One application of this is to create customer personas and to predict what type of marketing approach will be most effective with them.
Hard clustering assigns each data point to a group completely. Soft clustering assigns a probability that a data point will belong in a certain group.
The notion of separating data points into groups based purely upon similarity is vague. This can be approached many different ways. Over 100 clustering algorithms exist.
K-means clustering is one of the most popular methods. This method takes uncategorized data and separates them into an assigned number of groups, K. This method uncovers the centroids of the organically formed groups.
This method is used for behavioral segmentation, inventory categorization, and sorting sensor measurements (group photos, audio detection, health monitoring).

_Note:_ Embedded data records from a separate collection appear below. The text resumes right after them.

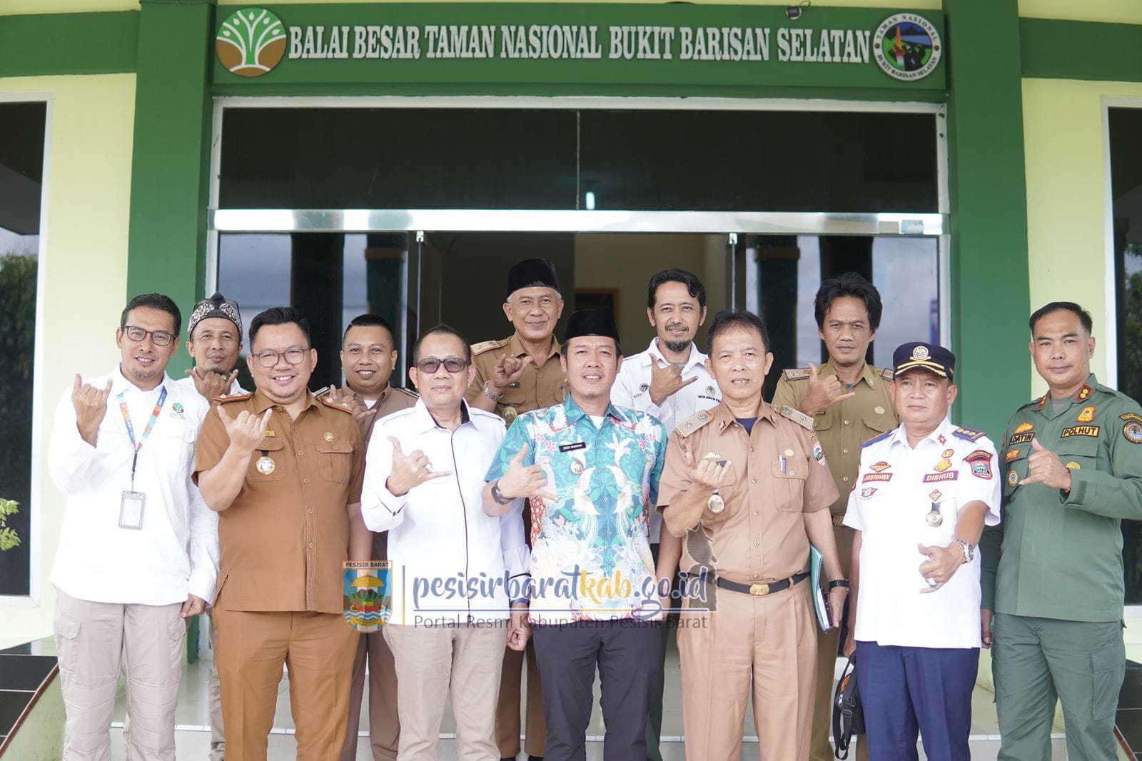 Kunjungan Bupati, Dedi Irawan didampingi langsung Asisten I Bidang Pemerintahan dan Kesejahteraan Rakyat, Audi Marpi, S.Pd., M.M., Kepala Dinas Pekerjaan Umum dan Penataan Ruang (DPUPR), Tanwir, S.E., M.M., Kepala Dinas Lingkungan Hidup (DLH), Husni Aripin, S.IP., dan Kepala Dinas Perhubungan (Dishub), Ariswandi, S.Sos., M.P., tersebut disambut langsung oleh Kepala BBTNBBS, Hifzon Zawahiri, S.E., M.M., didampingi Kabid. Teknis Konservasi, Tegus Ismail, S.Hut., M.A., M.Eng., Kabid. Pengelolaan TN Wilayah I Semaka, Hermawan, S.Hut., dan Kasi. Pengelolaan TN II Bangkunat, Jimmy Fonda, S.H.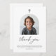 Une belle façon d'express de la gratitude pour les êtres chers qui viennent à la première sainte communion de votre enfant, ce carte de remerciements moderne et élégant présente votre photo personnalisée en forme d'arc moderne, "Merci" dans une police de script en dessous. Vous pouvez également personnaliser avec votre propre message pour créer un nom qui reflète vraiment cette étape spéciale. Parfait pour partager votre appréciation avec votre famille et vos amis !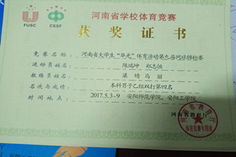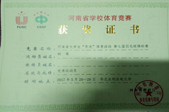 5月20日至28日,我校派出的羽毛球代表队在华北水利水电大学举办的河南省大学生“华光”体育活动第七届羽毛球锦标赛中经管ng娱乐 柯苇同学取得“优秀运动员”称号,王洪海老师获得“优秀教练员”称号。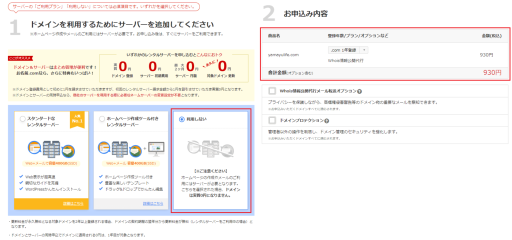 今回はお名前.comではドメインを取得するだけなので、1.は「利用しない」を選択。2.お申込み内容を確認して、画面右上の「次へ」をクリック。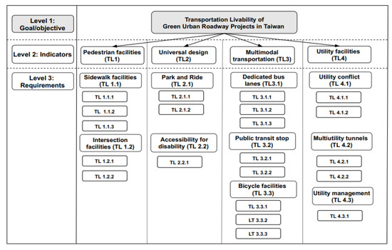 One of the significant barriers preventing bicycle trips in Taiwan urban areas is the lack of connectivity between bicycle paths and public transport networks [22]. In addition, the lack of laws governing the use of bicycles and the supporting infrastructures has caused traffic accidents related to cyclists [23]. Notably, the existing road infrastructure conditions in many areas in Taiwan are not suitable for bicycles when a small portion of roads nationwide allocate separated lanes for cycling [24]. These mentioned facts raise the necessity of incorporating transportation livability standards into urban road projects in Taiwan. Hence, proposing TLIs in a TGUR rating system facilitates promoting related best practices and evaluating the transportation livability performance of urban streets in Taiwan. Such a sustainability rating system can be perceived as a form of decision support tool for transportation public agencies in Taiwan.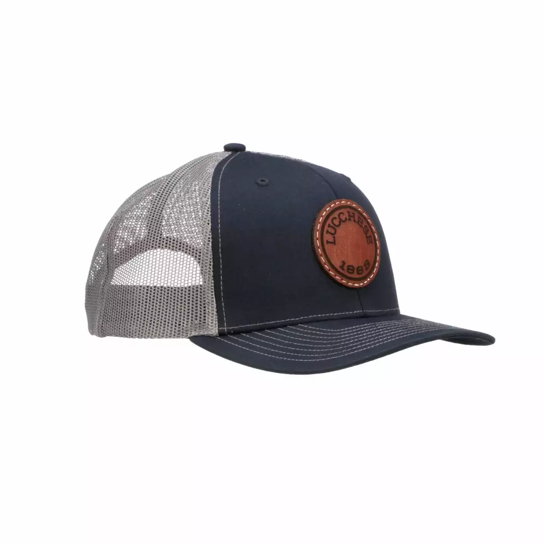 The Lucchese Leather Patch Cap has breathable mesh and an adjustable snap closure. Lucchese Bootmaker logo patch on front. One size fits most.

Predictive Analytics Tools
Predictive analytics tools combine these statistical techniques with machine learning to give you insight on future ambitions. You see the powerful potential, but how do you go about choosing the right tool in such a complex field?
There are a few factors you can consider first:
Who will be using this tool?
If your team is equipped with data analysts who are trained to use more technical platforms, a program language tool might be a more affordable and flexible option.
If this tool will primarily be used by business executives who need a more intuitive and user-friendly interface, then a GUI-based tool will be a better option. Reading customer reviews on trusted software sites can give you insight on which platforms are geared towards people similar to you.
What type of data will you be analyzing?
Predictive analytics tools can analyze numerical and written data, though some might place their focus on certain types of data. Some tools are catered towards sales data and others are catered towards social listening.
Wonderflow, for example, uses an advanced text analysis system to monitor customer satisfaction:
This can be used to detect which specific features of your product need to be improved to enhance your customer experience and feedback
Other tools are limited to statistical data and uses tightly rule-based algorithms to produce insights.
Choosing the right tool depends on what data you want to analyze and improve most. Many companies want to study everything. This approach can be overwhelming. It is better to prioritize what will impact your vision the most.
What price point are you looking for?
Some analytics solutions are open-source and available to anyone who can use the programming language. RStudio and Anaconda are prime examples. Other reputed solutions can cost around $5,000 per user. Lesser known, start-up solutions can be a more affordable option for smaller businesses.
Predictive Analytics Can’t Replace Your Gut – But They Can Sharpen It
Data drives the world today. It’s simply daunting to think about all the data being produced every second by multinational enterprises, media organizations, and consumers. It’s even more shocking to think about what to do with that data and how.
Predictive analytics helps you organize the data into useful insights that can help you achieve ambitious goals. But at the end of the day, a prediction is only a prediction. There are uncontrollable circumstances that can break all of your analysis into pieces. Human intuition is still very much needed in those moments.
Predictive analytics is simply a tool to strengthen, inform and then sharpen that instinct.